I love it, I bought a bottle when I visited NY 3 years ago! I still have it now, a little goes a long way although I dont use it every day. It's a very classy sensual smell =)


----------



## Taj (Oct 7, 2007)

have it and love it !


----------



## rocketqueen (Nov 6, 2007)

I love it! I used to wear the EdT(? black bottle) all the time, but now I'm more keen on the pink bottle, smells heavenly and not like everyone else!


----------



## juicyaddict (Nov 13, 2007)

Quote:

   Originally Posted by *GreekChick* 

 
_It's such a fresh change from the traditional fruity/foody scents that are on the market right now, and extremely popular with the public.
What I like about it is that it's a skin scent. Some don't care for it, but I find it so sexy and warm. It's almost as if you're being wrapped in cashmere. It give's that same cozy effect._

 
you said it so well... i just bought the big bottle of EDP and this is my new favorite!  it smells so classic!


----------



## Dizzy (Nov 14, 2007)

I've got the EDT (I think... the black bottle) and I love it.  It's just a very classy scent.


----------



## splattergirl (Feb 18, 2009)

ok got a question
bought EDT off ebay, still waiting for it to come!
and after I got it, I realised EDP smelled differently!
could anyone be so kind to compare the smells or at least describe one if you didn't try out both 
	

	
	
		
		

		
			




thanks


----------



## LadyRed (Jun 27, 2009)

I love the EDT. Havent tried the EDP. SJP's Lovely smells quite similar.


----------



## Tasha-Kala (Nov 22, 2009)

Looooooooove it !!!


----------



## susspect (Feb 3, 2010)

I looove it! Smell is very beautiful and sexy. And when I wear this parfume I have many attention from guys))))


----------



## dreamer246 (Apr 4, 2010)

It's different from most perfumes I've smelt... Need to try it on again before developing an opinion about this. But I feel that this is one scent which requires the right attitude to pull off.


----------



## ellewoods (May 17, 2010)

I absolutely adore it! I only like the EDT version though, because it smells warmer and sexier. The EDP version is more floral.

I will be repurchasing this over and over again.

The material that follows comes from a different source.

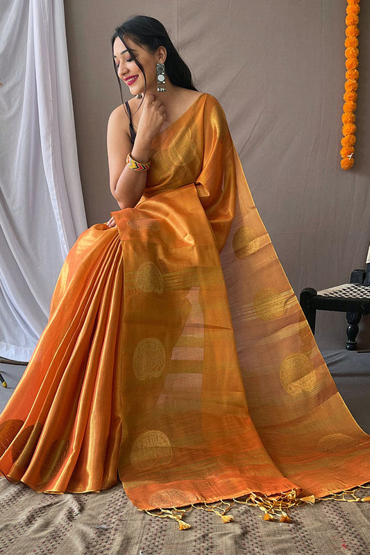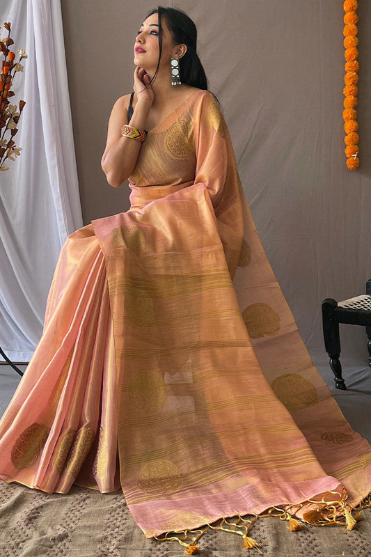 Clay Brown Kalamkari Printed Tussar silk Saree

My only complaint is the staying power. It lasts about and hour or so for me. Wished it stayed longer since i paid a lot for it.


----------



## panda0410 (May 19, 2010)

Have it too and I only really love the EDT, the EDP is definitely a tad more floral, and not quite as nice, I have them both. I think that the body lotion is divine, nice than the perfume to be honest. I dont really like the body mist at all 
	

	
	
		
		

		
		
	


	




I also want to make a note that Tocca Cleopatra is near identical, I got some of this as well and on my skin you can't really tell them apart


----------



## amber_j (May 19, 2010)

One of my friends has worn this as her signature scent since her wedding and I love it on her, but on everyone else and on me it's far too powdery. I've tried the EDP and EDT versions as I really would love to make this work for me, but, alas, it's obviously not meant to be.


----------



## martiangurll (Sep 10, 2010)

I love this, great musk on the drydown!


----------